1010: MULTIPLY (multiplies DATA from given ADRESS of given REGISTER with data from an other given ADRESS of given REGISTER. The RESULT is then stored to adress of the first one of this two. (The DATA from the first one given ADRESS of given REGISTER are overwrited by the RESULT of multiplication) If the result is bigger than 256 (11111111) , then "1" is written to ADRESS 1100 of Status Register B and the RESULT of multiplication is not provided. The Program Counter is not incremented so the program STOPS!!! Also the red diode"ERR OVF" should be enlighted. This specific ADRESS (1100 od Status Register B) named ERROR OVERFLOW is reserved for all error overflow situations.
1011: JUMP (canges the value of Program Counter variable that defines what row of program should be performed.
There are 4 possible MODES of jumping depending on given parameter and format of code: It is:
There are also 4 possible CONDITIONS that coud be combinated with each MODE
1100: RANDOM (writes a random number of given maximal value to given ADRESS of given REGISTER
1101 NOT USED
1110: LOAD EXT (provides HALT function - the Program Counter is not incremented until user inputs some DATA using the numeric keyboard. This user DATA are then written to given ADRESS of given REGISTER
1111: PRINT EXT (prints DATA from given ADRESS of given REGISTER to the TTY display. This 8bit DATA could be represented as number (0-255) or as ASCII sign. It depends on given parameter
Detailed formats how to compose the 16bit instruction for each of this 15 cases is described inside the project. In the Play Roulette Sub-circuit you coud find inspiration.
EXAMPLE OF MACHINE CODE:
0000 0001 01010101
This will write DATA "01010101" to ADRESS 0001 in General Register A.
0011 0001 00 0001 01
This will copy DATA from ADRESS 0001 of General Register A (00) to ADRESS 0001 of General Register B (01)
1000 0001 00 0001 01
Then this will ADD DATA from ADRESS 0001 of General Register A (00) to ADRESS 0001 of General Register B (01) and the RESULT is then stored to ADRESS 0001 of General Register A (The original DATA in first given REGISTER are overwriten by the RESULT)
FEEL FREE to ask questions and give me feedback. You can contact me via [email protected]
THANKS AND NOTES:
I would like to THANK to the team of developers of Circuit Verse. It is a fntastic product and I learned a lot!

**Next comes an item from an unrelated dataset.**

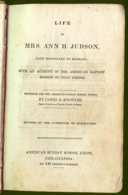 Life of Mrs. Ann H. Judson : late missionary to Burmah

Two months ago my knowledge of logic gates was ZERO.. Literally ZERO. I have no other education in this area. Everything what is done in this project I have Iearned during two months of recent Coronavirus quarantine... :)) Thanks to Circuit Verse, Youtube and Wikipedia!
I am not an IT professional at all. Actually I am a journalist. I did not study any IT school, I did not systematicaly study existing CPUs or computer architectures. Everything in this project is more or less my own invention. It means there are many mistakes and bad solutions. Therefore I will be extremly glad to get any feedback from anyone who really understands this area.
Thank you and sorry for my weak english!
This is a CPU witch is capable of executing a lot of stuff in one clock cycle, and this CPU can shift left up to 7 times and shift right up to 7 times witch means that it is possible to multiply and divide in one clock cycle if you program a table in the program memory. it has a 32 bit instruction width and a 8 bit address. it also has
The ALU has the following operations:
If you have any questions about this or other designs, feel free to shoot me an email at [email protected] I don't check it very often (since it's a secondary account), and you may not receive a reply for around a week.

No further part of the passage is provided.